Content starts

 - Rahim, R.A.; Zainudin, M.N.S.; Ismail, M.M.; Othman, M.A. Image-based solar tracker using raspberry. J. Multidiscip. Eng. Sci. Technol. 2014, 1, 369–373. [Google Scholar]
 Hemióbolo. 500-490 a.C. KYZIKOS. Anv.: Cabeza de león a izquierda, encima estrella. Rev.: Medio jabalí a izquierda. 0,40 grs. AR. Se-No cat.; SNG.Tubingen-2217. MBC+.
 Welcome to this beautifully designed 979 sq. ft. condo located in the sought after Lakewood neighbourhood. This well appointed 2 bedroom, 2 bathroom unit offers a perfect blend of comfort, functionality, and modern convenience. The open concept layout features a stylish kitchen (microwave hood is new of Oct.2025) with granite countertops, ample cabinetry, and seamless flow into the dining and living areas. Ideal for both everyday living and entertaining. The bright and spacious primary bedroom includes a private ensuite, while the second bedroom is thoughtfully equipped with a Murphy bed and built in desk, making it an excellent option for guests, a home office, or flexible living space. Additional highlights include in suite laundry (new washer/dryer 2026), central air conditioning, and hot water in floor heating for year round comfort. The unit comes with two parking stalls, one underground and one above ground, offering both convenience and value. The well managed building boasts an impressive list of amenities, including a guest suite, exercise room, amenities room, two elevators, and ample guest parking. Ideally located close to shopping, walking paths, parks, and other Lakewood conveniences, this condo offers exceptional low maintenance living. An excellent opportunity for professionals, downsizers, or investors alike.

Content ends
Content starts

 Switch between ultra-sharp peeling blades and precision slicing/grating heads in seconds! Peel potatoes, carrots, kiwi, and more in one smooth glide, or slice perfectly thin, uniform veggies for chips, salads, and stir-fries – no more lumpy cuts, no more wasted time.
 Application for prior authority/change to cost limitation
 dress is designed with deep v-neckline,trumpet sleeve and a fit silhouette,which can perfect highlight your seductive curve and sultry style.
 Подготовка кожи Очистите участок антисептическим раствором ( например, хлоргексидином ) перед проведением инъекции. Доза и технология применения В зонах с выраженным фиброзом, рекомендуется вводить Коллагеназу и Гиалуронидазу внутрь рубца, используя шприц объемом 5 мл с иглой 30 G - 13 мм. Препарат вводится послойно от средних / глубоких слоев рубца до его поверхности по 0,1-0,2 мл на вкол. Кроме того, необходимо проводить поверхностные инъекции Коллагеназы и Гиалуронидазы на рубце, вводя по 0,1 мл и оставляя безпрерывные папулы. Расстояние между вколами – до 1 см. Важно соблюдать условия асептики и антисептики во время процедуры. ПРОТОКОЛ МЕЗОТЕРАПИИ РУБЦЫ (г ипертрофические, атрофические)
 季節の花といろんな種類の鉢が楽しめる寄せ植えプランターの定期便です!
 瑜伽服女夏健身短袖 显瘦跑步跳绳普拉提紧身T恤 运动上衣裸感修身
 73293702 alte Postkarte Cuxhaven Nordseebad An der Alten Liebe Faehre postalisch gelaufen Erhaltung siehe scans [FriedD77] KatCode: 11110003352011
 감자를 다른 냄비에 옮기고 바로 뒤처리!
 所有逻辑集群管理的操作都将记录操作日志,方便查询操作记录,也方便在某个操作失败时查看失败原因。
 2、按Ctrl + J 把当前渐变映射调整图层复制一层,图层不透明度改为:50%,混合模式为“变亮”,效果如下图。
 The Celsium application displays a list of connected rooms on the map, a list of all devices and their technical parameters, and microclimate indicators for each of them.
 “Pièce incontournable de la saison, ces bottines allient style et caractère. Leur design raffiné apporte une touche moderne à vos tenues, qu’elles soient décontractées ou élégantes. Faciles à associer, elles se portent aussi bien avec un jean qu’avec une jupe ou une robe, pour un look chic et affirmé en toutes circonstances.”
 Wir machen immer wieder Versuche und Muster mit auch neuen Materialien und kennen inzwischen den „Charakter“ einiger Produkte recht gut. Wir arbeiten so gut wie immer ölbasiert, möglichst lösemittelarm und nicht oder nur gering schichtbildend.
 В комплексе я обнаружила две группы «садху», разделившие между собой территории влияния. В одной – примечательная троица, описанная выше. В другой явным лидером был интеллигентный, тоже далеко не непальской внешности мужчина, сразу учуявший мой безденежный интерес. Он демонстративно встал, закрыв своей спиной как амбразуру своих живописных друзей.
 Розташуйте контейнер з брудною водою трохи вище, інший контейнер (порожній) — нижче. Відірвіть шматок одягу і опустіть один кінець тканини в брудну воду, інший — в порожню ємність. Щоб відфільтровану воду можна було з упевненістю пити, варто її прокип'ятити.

Content ends
Content starts

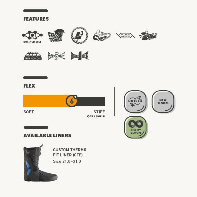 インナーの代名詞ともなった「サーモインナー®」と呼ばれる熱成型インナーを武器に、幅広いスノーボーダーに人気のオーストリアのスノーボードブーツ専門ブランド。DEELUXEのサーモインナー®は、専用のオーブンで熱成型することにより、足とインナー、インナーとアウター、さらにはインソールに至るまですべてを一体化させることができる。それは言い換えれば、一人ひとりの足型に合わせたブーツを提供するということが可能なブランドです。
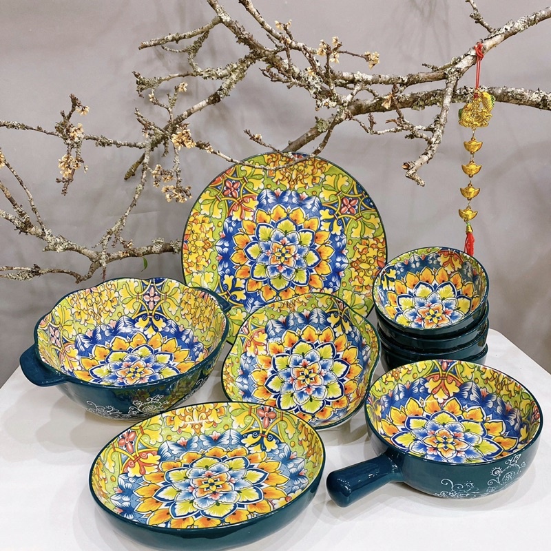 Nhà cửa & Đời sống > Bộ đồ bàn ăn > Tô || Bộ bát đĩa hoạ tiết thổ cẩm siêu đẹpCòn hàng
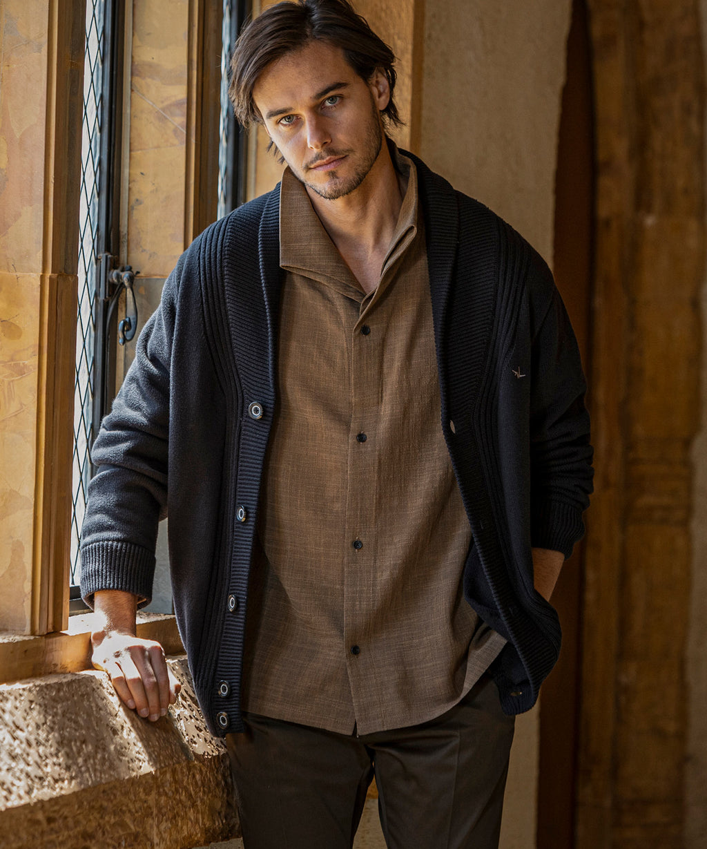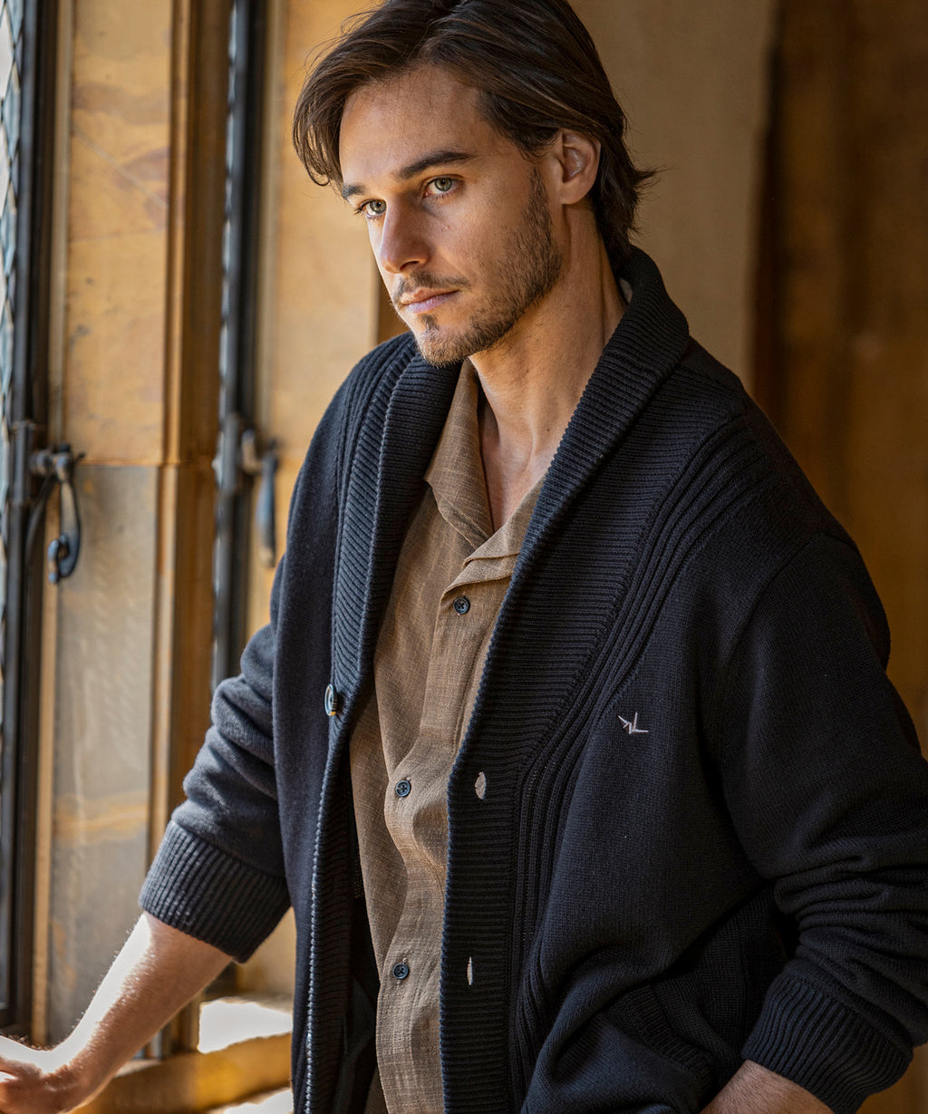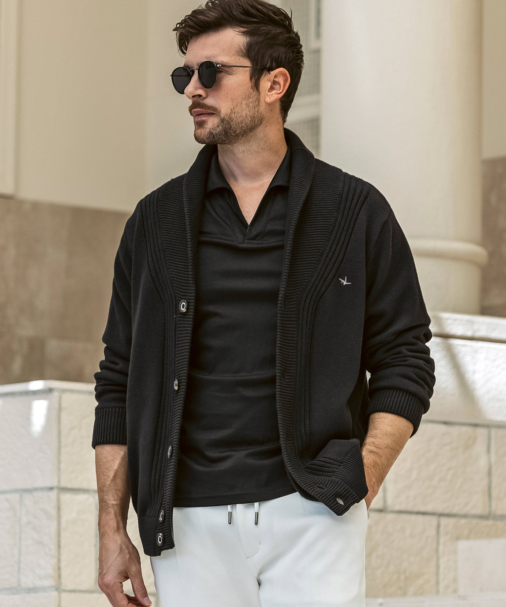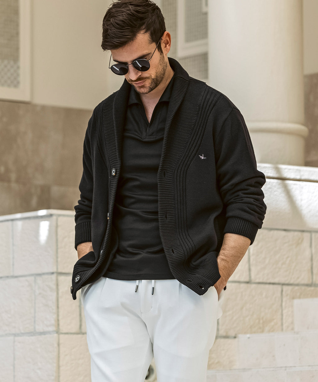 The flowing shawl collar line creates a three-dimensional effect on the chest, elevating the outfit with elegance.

Content ends

# Your objective:
From the material above, set down exactly the lines between the line holding "감자를 다른 냄비에 옮기고 바로 뒤처리!" and the line holding "The Celsium application", inclusive. Include nothing else.

# Answer box:
 감자를 다른 냄비에 옮기고 바로 뒤처리!
 所有逻辑集群管理的操作都将记录操作日志,方便查询操作记录,也方便在某个操作失败时查看失败原因。
 2、按Ctrl + J 把当前渐变映射调整图层复制一层,图层不透明度改为:50%,混合模式为“变亮”,效果如下图。
 The Celsium application displays a list of connected rooms on the map, a list of all devices and their technical parameters, and microclimate indicators for each of them.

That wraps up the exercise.